(Linux 4.4)
我正在尝试使用内核模块通过Generic Netlink向用户进程发送信息。用户进程似乎没有成功接收到该消息 - nlmsg_unicast函数返回-111。
以下是我所知道的:
我在用户进程中使用libmnl(正如你可能从我对mnl_socket_recvfrom的猜测中猜到的那样)。
uname -a
Linux yaron-VirtualBox 4.4.0-57-generic#78-Ubuntu SMP Fri Dec 9 23:50:32 UTC 2016 x86_64 x86_64 x86_64 GNU / Linux
基本上,这是我在内核中的发送代码:
struct sk_buff *msg;
struct sock *socket;
struct netlink_kernel_cfg nlCfg = {
.groups = 1,
.flags = 0,
.input = NULL,
.cb_mutex = NULL,
.bind = NULL,
.unbind = NULL,
.compare = NULL,
};
void *msg_head;
int retval;
struct net init_net;
/* Open a socket */
socket = netlink_kernel_create(&init_net, NETLINK_GENERIC, &nlCfg);
if (socket == NULL) goto CmdFail;
/* Allocate space */
msg = genlmsg_new(NLMSG_GOODSIZE, GFP_KERNEL);
if (msg == NULL) goto CmdFail;
/* Generate message header
* arguments of genlmsg_put:
* struct sk_buff *,
* int portID, <-- this is sender portID
* int netlinkSeqNum,
* struct genl_family *,
* int flags,
* u8 command_idx */
msg_head = genlmsg_put(msg, 0, ++netlinkSeqNum, &genlFamily, 0, MYFAMILY_CMD_MYMSG);
if (msg_head == NULL) goto CmdFail;
/* Add a MYFAMILY_ATTR_MYCMD attribute (command to be sent) */
retval = nla_put_string(msg, MYFAMILY_ATTR_MYMSG, "Temporary message");
if (retval != 0) goto CmdFail;
/* Finalize the message */
genlmsg_end(msg, msg_head); /* void inline function - no return value */
/* Send the message */
retval = nlmsg_unicast(socket, msg, userNetlinkPortID);
printk("nlmsg_unicast returned %d\n", retval);
if (retval != 0) goto CmdFail;
netlink_kernel_release(socket);
return;
CmdFail:
printk(KERN_ALERT "*** Failed to send command !\n");
netlink_kernel_release(socket);
return;
基本上,这是我在用户进程中的接收代码:
char bufferHdr[getpagesize()];
struct nlmsghdr *nlHeader;
struct genlmsghdr *nlHeaderExtraHdr;
int numBytes, seq, ret_val;
// Set up the header.
// Function mnl_nlmsg_put_header will zero out a length of bufferHdr sufficient to hold a Netlink header,
// and initialize the nlmsg_len field in that space to the size of a header.

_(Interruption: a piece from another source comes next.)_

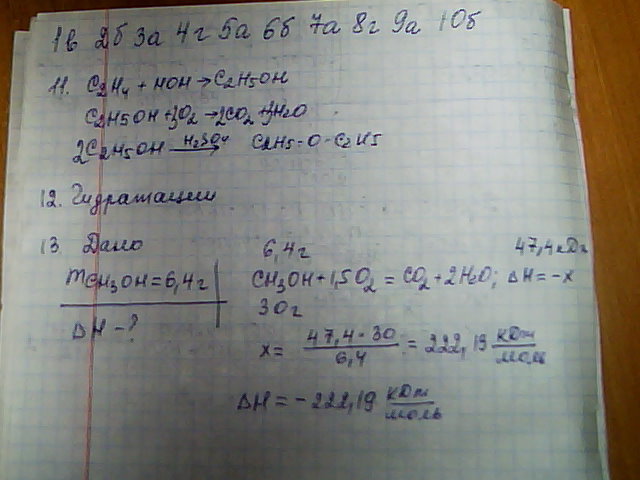 13 (10 баллов). При сгорании 6,4 г метилового спирта выделилось 47,4 кДж теплоты. Составьте термохимическое уравнение горения метанола.

// It returns a pointer to bufferHdr.
if ( (nlHeader = mnl_nlmsg_put_header(bufferHdr)) != (struct nlmsghdr *) bufferHdr ) {
perror("mnl_nlmsg_put_header failed");
exit(EXIT_FAILURE);
}
nlHeader->nlmsg_type = genetlinkFamilyID;
// Function mnl_nlmsg_put_extra_header extends the header, to allow for these extra fields.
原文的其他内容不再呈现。